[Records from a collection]
· · · · · · ·

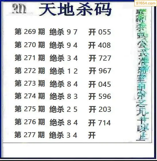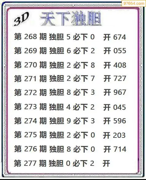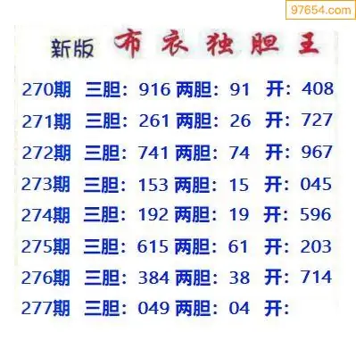 277期97654本站收集胆码出号预测
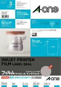 インクジェット用ラベル&吸着フィルム 糊なしで貼れる便利仕様 エーワン ラベルシール[インクジェット] メタリックシルバー フィルムラベル A4ノーカット3シート 29275
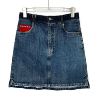 A chic and stylish mini skirt crafted from durable denim, featuring unique studded pocket details in vibrant red and blue. The distressed hem adds a modern touch, while the Miu Miu branding ensures sophistication. • Button and zip closure for a secure fit • Frayed hemline for a casual aesthetic • Stud details on front and back pockets • Miu Miu leather logo patch on back J12990 Size: Womens 42 Condition: Pre-Owned Like New
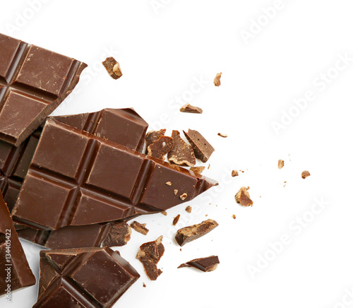 Broken chocolate bar on white background
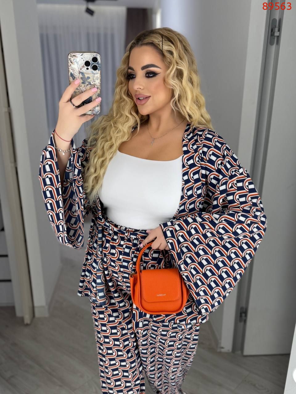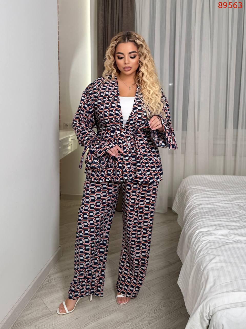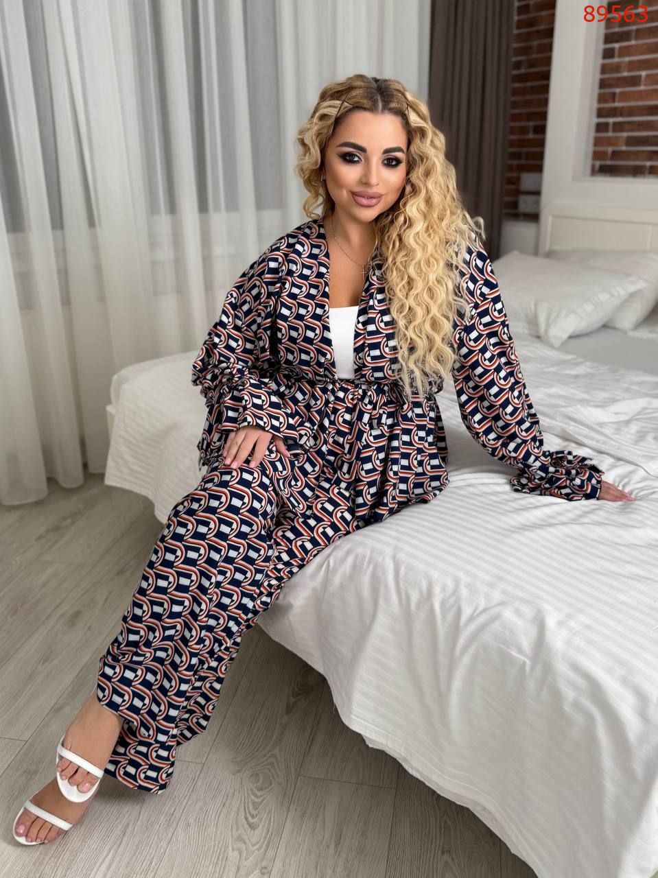Тканина: софт-шовк (легка, приємна на дотик, мало мнущаяся тканина). Довжина брюк 77/110. Пояс на гумці, висока посадка. Кардиган одягається на запах, підвʼязується поясом . Рукава внизу широкі, є знімни завʼязки, якими можна зробити іншу форму рукава завʼязав їх.
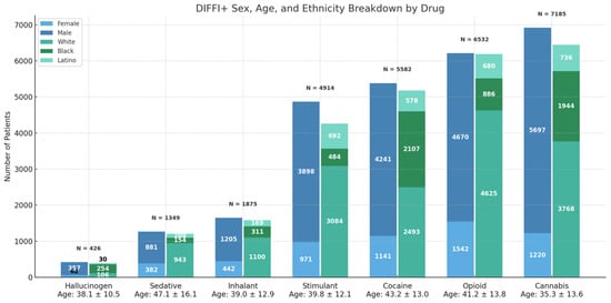 When identifying demographics of DIFFI+ amongst specific drugs, it is evident that DIFFI+Cannabis occurs most frequently (n = 7185), followed by DIFFI+Opioid (n = 6532), DIFFI+Cocaine (n = 5582), DIFFI+Stimulant (n = 4914), DIFFI+Inhalant (n = 1875), DIFFI+Sedative (n = 1349), and lastly DIFFI+Hallucinogen (n = 426). DIFFI+Sedatives have the oldest average age (47.1 ± 16.1), while DIFFI+Cannabis has the youngest average age (35.3 +/− 13.6) (Figure 1). DIFFI+Cocaine injury occurred at significantly higher rates in Black/African American populations compared to DIFFI− in the same race category (37.7% vs. 14.4%, p < 0.001). White patients comprise the greater proportion of DIFFI+Opioid (n = 4625, 70.8%), closely followed by DIFFI+Sedative (n = 943, 69.9%).
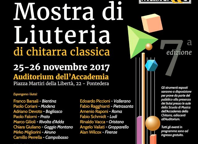 Sabato 25 e domenica 26 novembre 2017 avrà luogo la settima edizione della Mostra di Liuteria Chitarristica organizzata dall'Accademia della Chitarra. La manifestazione si svolgerà presso l'Auditorum dell’Accademia in Piazza Martiri della Libertà n. 22 a Pontedera.
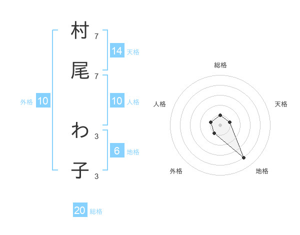 村尾 わ子さんを姓名の画数から五運を鑑定
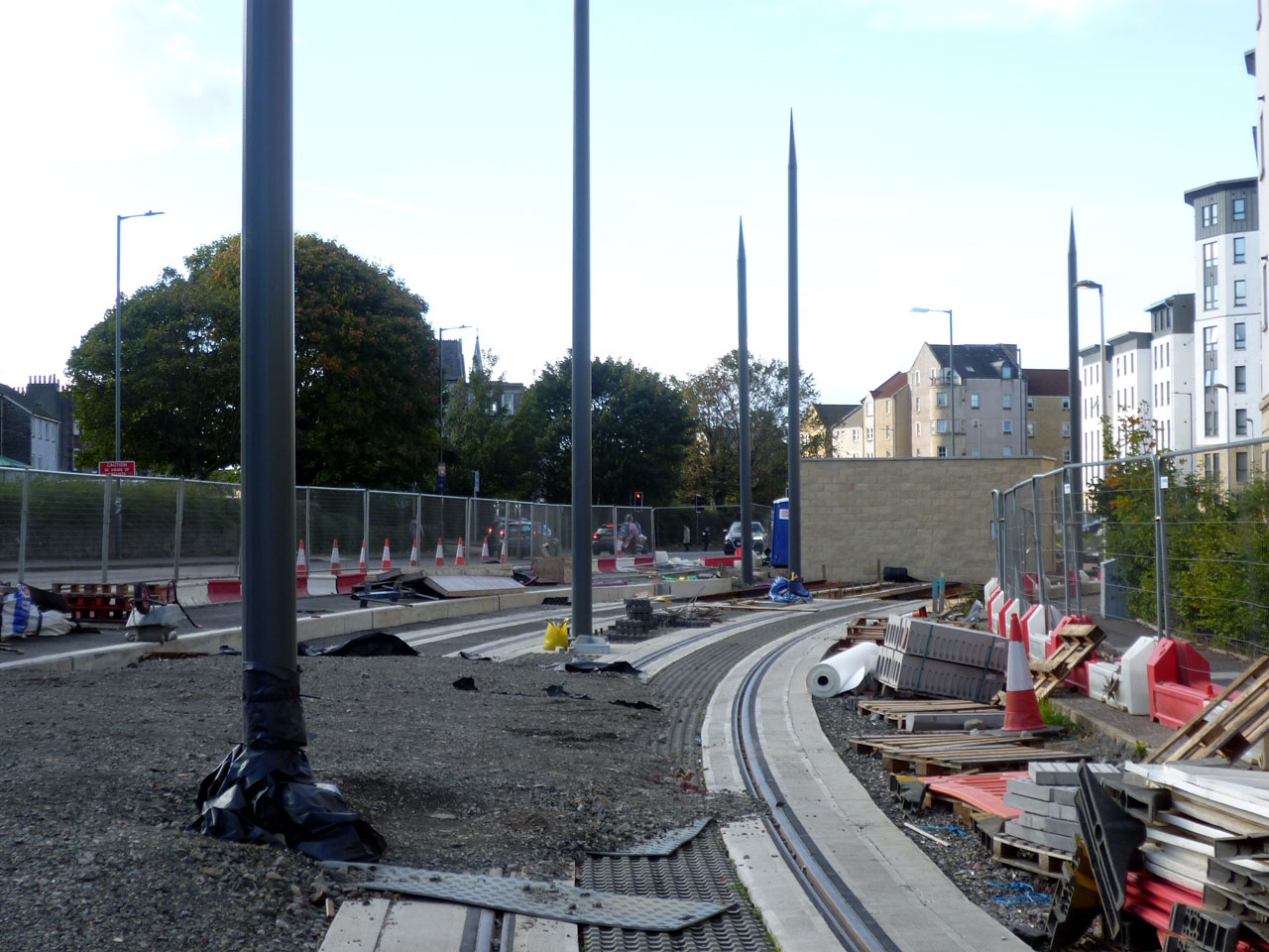 Here we are looking west over what will be the secure stabling area and towards the end of the line with the wall of the small staff amenity building seen. Lindsay Road is beyond the fence on the left.
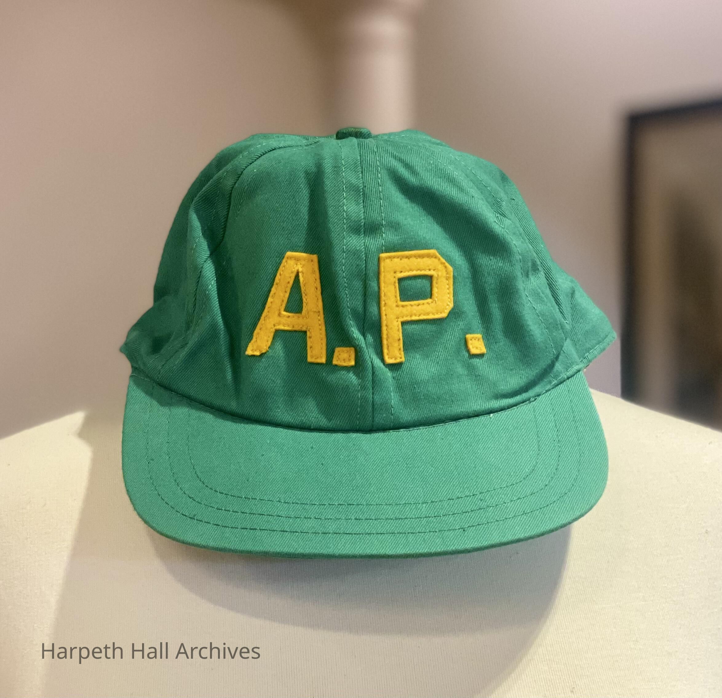 A green baseball cap-style hat with the letters A.P. sewn on in yellow.Context
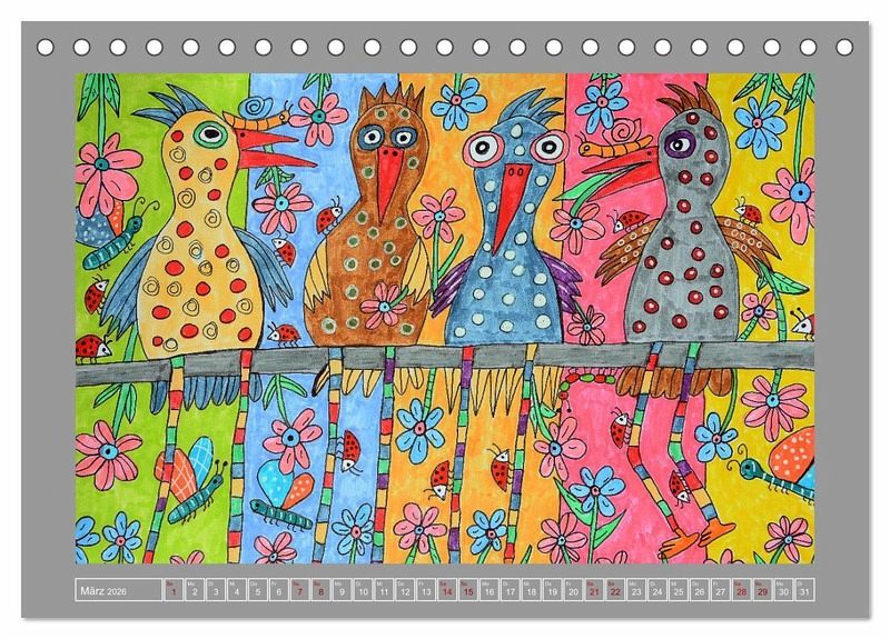 März: Vier bunte Vögel

· · · · · · ·

> [Aim of the exercise]
Give back, exactly and without pictures, the stretch of the records above from the line containing "Тканина: софт-шовк (легка, приємна" through the line containing "Sabato 25 e", with both end lines included.

> [Final answer]
Тканина: софт-шовк (легка, приємна на дотик, мало мнущаяся тканина). Довжина брюк 77/110. Пояс на гумці, висока посадка. Кардиган одягається на запах, підвʼязується поясом . Рукава внизу широкі, є знімни завʼязки, якими можна зробити іншу форму рукава завʼязав їх.
 When identifying demographics of DIFFI+ amongst specific drugs, it is evident that DIFFI+Cannabis occurs most frequently (n = 7185), followed by DIFFI+Opioid (n = 6532), DIFFI+Cocaine (n = 5582), DIFFI+Stimulant (n = 4914), DIFFI+Inhalant (n = 1875), DIFFI+Sedative (n = 1349), and lastly DIFFI+Hallucinogen (n = 426). DIFFI+Sedatives have the oldest average age (47.1 ± 16.1), while DIFFI+Cannabis has the youngest average age (35.3 +/− 13.6) (Figure 1). DIFFI+Cocaine injury occurred at significantly higher rates in Black/African American populations compared to DIFFI− in the same race category (37.7% vs. 14.4%, p < 0.001). White patients comprise the greater proportion of DIFFI+Opioid (n = 4625, 70.8%), closely followed by DIFFI+Sedative (n = 943, 69.9%).
 Sabato 25 e domenica 26 novembre 2017 avrà luogo la settima edizione della Mostra di Liuteria Chitarristica organizzata dall'Accademia della Chitarra. La manifestazione si svolgerà presso l'Auditorum dell’Accademia in Piazza Martiri della Libertà n. 22 a Pontedera.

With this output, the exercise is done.